I Am The
Resurrection And The Life-Susan Sarandon’s The
Calling
DVD Review
From The Pen Of
Frank Jackman
The Calling,
starring Susan Sarandon, Donald Sutherland, 2014
From the vast number of crime novels and films like the film under review, The Calling, centered on serial killers
you would think that (1) this wicked old world is a much more misogynous place
that it really is and, (2) that it would be hard to come up with a new plotline
to provide a rationale for the killer’s motives and for the inevitable hand of
law enforcement (after some scares of course) to bring the miscreant to justice
(or at least out of harm’s way, ours). So what the makers of this film have
done is to go back that old tried and true plot producer, the Bible, to grab odd-ball motivation.

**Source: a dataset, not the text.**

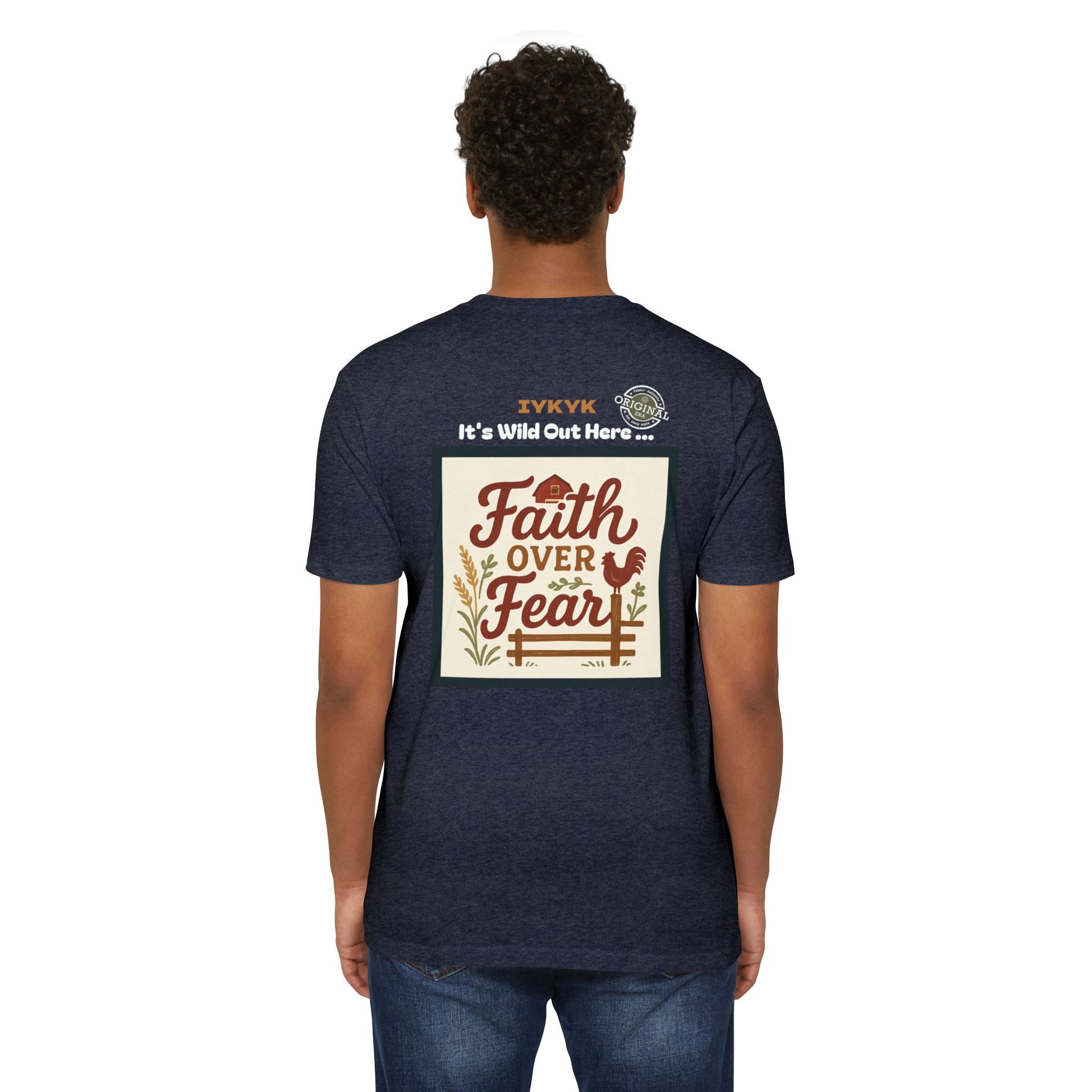 This vintage-inspired tee carries a quiet, steady message: faith steadies the heart when fear creeps in. The faded cow illustration feels lived-in, like an old barn sign passed down through summers of work and prayer. Wear it to slow mornings on the porch, to church picnics, or when you want a gentle reminder to stand firm. The soft drape and light weight keep it comfortable through warm days and layered cool evenings. It settles into your rotation as the kind of shirt you reach for when you need calm and a small, steady piece of encouragement.

Here’s how it plays out. A Podunk town pill-popping, too many pill-poppings
if anybody is asking, chief police officer (played by Susan Sarandon), this
time said Podunk town being in Canada just to show that serial killers know no
borders when they get their blood lusts up, or whatever drives them to homicidal
impulses, finds a body of a town resident gruesomely and apparently randomly
murdered. Random until other murders showing some of the same kinds of patterns
keep popping up in the area and beyond. After much investigation the pattern
becomes clear-the killings are related and the killer whether, as the psychological
profiles for serial killers go, is looking to be caught or not, has a message
that he (or she) wants an indifferent world to hear about. Wants the world to
feel his (or her) pain. As it turns out from the clues this killer has some religious
motivation, big time religious motivation taking on the concept of the Christian
version of resurrection.
Of course if you are in Canada trying to solve what looks like some archaic
ritual religious murders (or anywhere else for that matter) then checking into some
clerical expertise makes sense. So the good chief checks in with a bible scholar
(played by Donald Sutherland) who spins a tale about lost off-the-wall ancient
sects who believed that a series of signs could bring the dead back, or rather
one dead person back-replicating the Christian experience-a version of the
second coming. Like I said the good priest spins a nice tale because he is into
the whole scheme up to his eyeballs. Seems that one of his old-time orphanage
charges is out to avenge his brother’s suicide committed in adulthood after
having been farmed out as a child to some sexual pervert and is using the biblical
playbook provide by the good priest to bring him back.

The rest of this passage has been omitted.